Schemas can be handed down by standards committees, but they can also be thrown out on the Net by individuals or communities for widespread consideration. Each community will settle on the ones it likes. We called this principle "schema agnosticism."

While we all paid homage to the glories of metadata, we remained skeptical that people would understand the need for it and take the trouble to contribute information. Rael Dornfest, creator of the RSS-based Meerkat service for the O'Reilly Network, said that a little metadata goes a long way, adding logarithmically to the value and uses of the data it describes.

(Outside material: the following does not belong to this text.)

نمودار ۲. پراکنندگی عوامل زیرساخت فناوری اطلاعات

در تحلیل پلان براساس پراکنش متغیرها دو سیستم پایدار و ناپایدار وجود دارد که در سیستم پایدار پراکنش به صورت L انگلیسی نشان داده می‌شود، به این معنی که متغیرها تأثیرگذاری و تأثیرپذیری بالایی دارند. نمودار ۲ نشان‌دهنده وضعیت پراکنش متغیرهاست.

Any service or tool that provides either automated or manual access to reading and writing metadata offers an opening for an intrepid explorer to map the data and thus create an innovative service for other users. (Invisible Worlds is promoting a generalized approach to such APIs through the Simple Exchange Protocol, currently an Internet Draft.) This is a good reason to ask services to expose their data schemas and publish open APIs to their services. It's also a reason to deplore attempts to shut off innovation through bans on deep linking, restrictions on the amount of data one user can retrieve, or forcing developers to resort to "screen-scraping" and other fragile data-retrieval tricks.

The message

Peer-to-peer is so new that we have trouble attaching categorical statements to it. Yet it is also the oldest model in the world of communications. Telephones are peer-to-peer, as are Fidonet and the old-style UUCP implementation of Usenet. IP routing, the basis of the Internet, is peer-to-peer, even now when the largest access points raise themselves above the rest.

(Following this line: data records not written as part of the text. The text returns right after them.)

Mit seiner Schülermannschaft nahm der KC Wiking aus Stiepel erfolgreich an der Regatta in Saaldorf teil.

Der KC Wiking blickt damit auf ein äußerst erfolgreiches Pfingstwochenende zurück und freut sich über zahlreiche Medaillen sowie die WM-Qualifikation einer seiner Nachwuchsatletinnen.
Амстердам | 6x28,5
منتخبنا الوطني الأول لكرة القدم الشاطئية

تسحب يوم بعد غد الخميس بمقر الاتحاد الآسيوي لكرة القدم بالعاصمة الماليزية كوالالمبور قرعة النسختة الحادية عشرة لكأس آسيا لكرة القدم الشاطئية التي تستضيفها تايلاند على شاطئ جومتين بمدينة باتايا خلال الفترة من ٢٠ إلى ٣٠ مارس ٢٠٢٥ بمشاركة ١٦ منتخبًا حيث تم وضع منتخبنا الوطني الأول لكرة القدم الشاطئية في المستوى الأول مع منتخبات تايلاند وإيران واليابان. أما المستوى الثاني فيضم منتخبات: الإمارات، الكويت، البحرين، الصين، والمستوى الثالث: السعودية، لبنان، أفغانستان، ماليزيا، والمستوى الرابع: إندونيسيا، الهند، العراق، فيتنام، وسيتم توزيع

Up until the past decade, every Internet-connected system hosted both servers and clients. Aside from dial-up users, the second-class status of today's PC browser set didn't exist. One of our messages, therefore, is:

Peer-to-peer is fundamental to the architecture of the Internet.

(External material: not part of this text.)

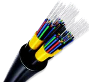
Vue en 3D d'un câble de fibre optique

Le développement de la fibre va de pair avec l'évolution des usages et des besoins croissants des individus (particuliers et entreprises). La fibre optique est la technologie la plus récente en matière d'accès à Internet. En pratique, elle permet le transfert des données à grande vitesse via la lumière. Cette dernière transite par un câble contenant des fils de verre ou de plastique aussi fins que des cheveux.

Another element of our message is that peer-to-peer brings people together; it builds communities in a way that eludes all the portals that so earnestly try to build them from the top down. Jabber, by providing chatters with an easy way to categorize their content, hopes to help them organize themselves. Weblogs, Wiki, and Meerkat let people follow and comment on the goings-on of other people who interest them. Even a passive sharing of resources, like Popular Power or SETI@Home, makes people feel they're part of something big -- and they like the feeling, according to Minar.

When people collaborate, each has the opportunity -- though not the requirement -- of being a producer as well as a consumer. Those who produce may be relatively few: For instance, a recent study found that only 2% of Gnutella users contribute content, and even on Usenet News the ratio of posters to total readers is only about 7%. But that is enough to keep the system afloat. The important thing is to give everybody the opportunity. Thus our slogans:

Peer-to-peer is the end of the read-only Web.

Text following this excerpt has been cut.